## MATERIAL PROVIDED
####

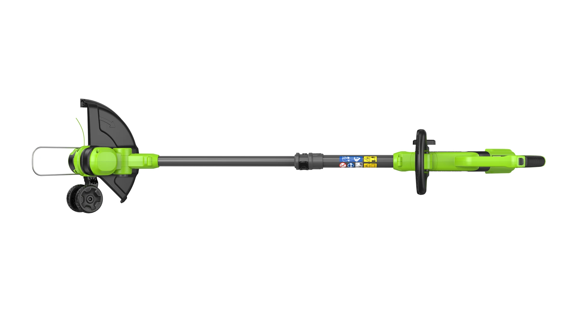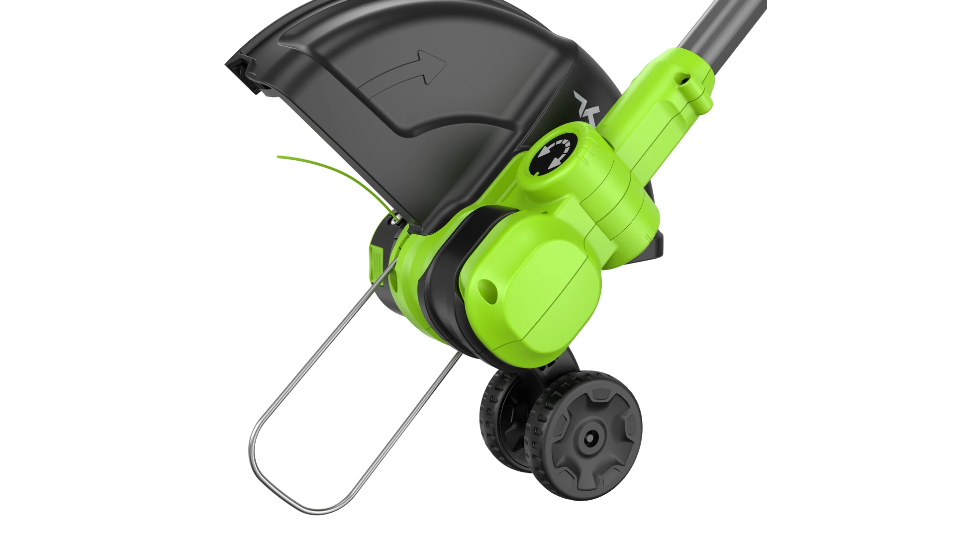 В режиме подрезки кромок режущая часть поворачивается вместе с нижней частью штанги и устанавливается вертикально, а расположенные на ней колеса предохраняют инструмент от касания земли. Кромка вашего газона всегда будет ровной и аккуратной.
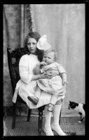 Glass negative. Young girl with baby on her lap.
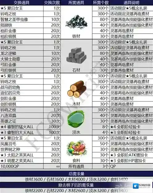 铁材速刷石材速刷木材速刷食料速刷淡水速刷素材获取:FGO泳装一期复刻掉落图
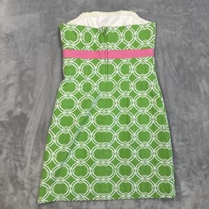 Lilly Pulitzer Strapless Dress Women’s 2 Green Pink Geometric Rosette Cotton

####

## REQUIRED WORK
Give the listing again exactly, but omit each image.

## OUTPUT FOR THIS TASK
 В режиме подрезки кромок режущая часть поворачивается вместе с нижней частью штанги и устанавливается вертикально, а расположенные на ней колеса предохраняют инструмент от касания земли. Кромка вашего газона всегда будет ровной и аккуратной.
 Glass negative. Young girl with baby on her lap.
 铁材速刷石材速刷木材速刷食料速刷淡水速刷素材获取:FGO泳装一期复刻掉落图
 Lilly Pulitzer Strapless Dress Women’s 2 Green Pink Geometric Rosette Cotton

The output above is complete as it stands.